Although luteinizing hormone-releasing hormone (LH-RH) agonists have been administered successfully by other than systemic routes (oral, intranasal (i.n.) and vaginal), there is no evidence that inhibitory analogues may be used in any form other than injectable. In the present study, we compared the effect of two routes of administration: subcutaneous (s.c.), 0.5, 0.2 and 1 mg; and i.n., 0.2, 1 and 5 mg of an LH-RH antagonist, ORG 30276 ([N-Ac-D-p-Cl-Phe1,2,D-Trp3,D-Arg6,D-Ala10]-LH-RH) on gonadotropin levels in oophorectomized monkeys. One hour after s.c. administration, FSH and LH values exhibited a dose-dependent fall that lasted for up to 12 h. After s.c. administration, the maximum inhibition of serum FSH and LH was 29 and 41% (0.2 mg dose) and 41 and 58% (1 mg dose), respectively.

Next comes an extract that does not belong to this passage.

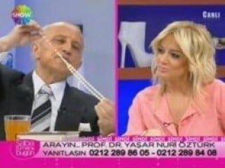 Canlı yayında fildişi tesbihini Saba Tümer'e göstererek; "Müzelik bu müzelik" şeklinde bir açıklama yaptı. Saba Tümer, Yaşar Nuri Öztürk'ün tesbihine yönelik övgülerine: "Siz de müzeliksiniz hocam" sözleriyle karşılık verdi.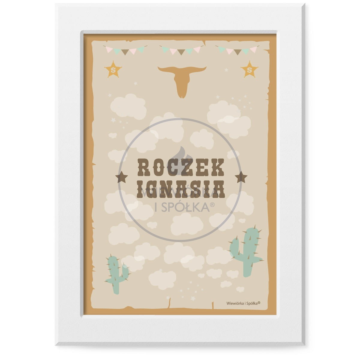 Przepiękne Drzewko Życzeń z kaktusami, kowbojskimi motywami i z personalizowaną treścią zaprojektowane przez Wiewiórka i Spółka.

After i.n. administration, maximum inhibition of serum FSH and LH was 19 and 40% (1 mg) and 32 and 53% (5 mg), respectively. These decreases were dose-related and lasted for up to 12 h. Analysis of the data revealed that the bioavailability of the i.n. route versus the s.c. route ranged from 16 to 26%. This high effectiveness of the i.n. route in terms of bioavailability is markedly greater than that previously reported for LH-RH agonists (1%) and is probably due to a resistance to enzymatic hydrolysis in the nasal mucosa. These results show for the first time that antagonists of LH-RH can be administered by routes other than parenteral, increasing their potential clinical use in conditions in which inhibition of gonadotropins is desired, as in contraception and in therapy for endometriosis, precocious puberty, and hormone-dependent neoplasms.

摘要

尽管促黄体生成激素释放激素(LH-RH)激动剂已通过非全身途径(口服、鼻内(i.n.)和阴道)成功给药,但尚无证据表明抑制性类似物可采用除注射以外的任何形式使用。在本研究中,我们比较了两种给药途径的效果:皮下(s.c.)注射,剂量为0.5、0.2和1毫克;以及鼻内(i.n.)给药,剂量为0.2、1和5毫克的一种LH-RH拮抗剂ORG 30276([N-乙酰-D-对氯苯丙氨酸1,2,D-色氨酸3,D-精氨酸6,D-丙氨酸10]-LH-RH)对去卵巢猴子促性腺激素水平的影响。皮下给药1小时后,促卵泡生成素(FSH)和促黄体生成素(LH)值呈现剂量依赖性下降,持续长达12小时。皮下给药后,血清FSH和LH的最大抑制率分别为29%和41%(0.2毫克剂量)以及41%和58%(1毫克剂量)。鼻内给药后,血清FSH和LH的最大抑制率分别为19%和40%(1毫克)以及32%和53%(5毫克)。这些下降与剂量相关,持续长达12小时。数据分析显示,鼻内途径相对于皮下途径的生物利用度范围为16%至26%。就生物利用度而言,鼻内途径的这种高效性明显高于先前报道的LH-RH激动剂(1%),这可能是由于鼻黏膜对酶水解具有抗性。这些结果首次表明,LH-RH拮抗剂可以通过非胃肠外途径给药,从而增加其在需要抑制促性腺激素的病症中的潜在临床应用,如避孕以及子宫内膜异位症、性早熟和激素依赖性肿瘤的治疗。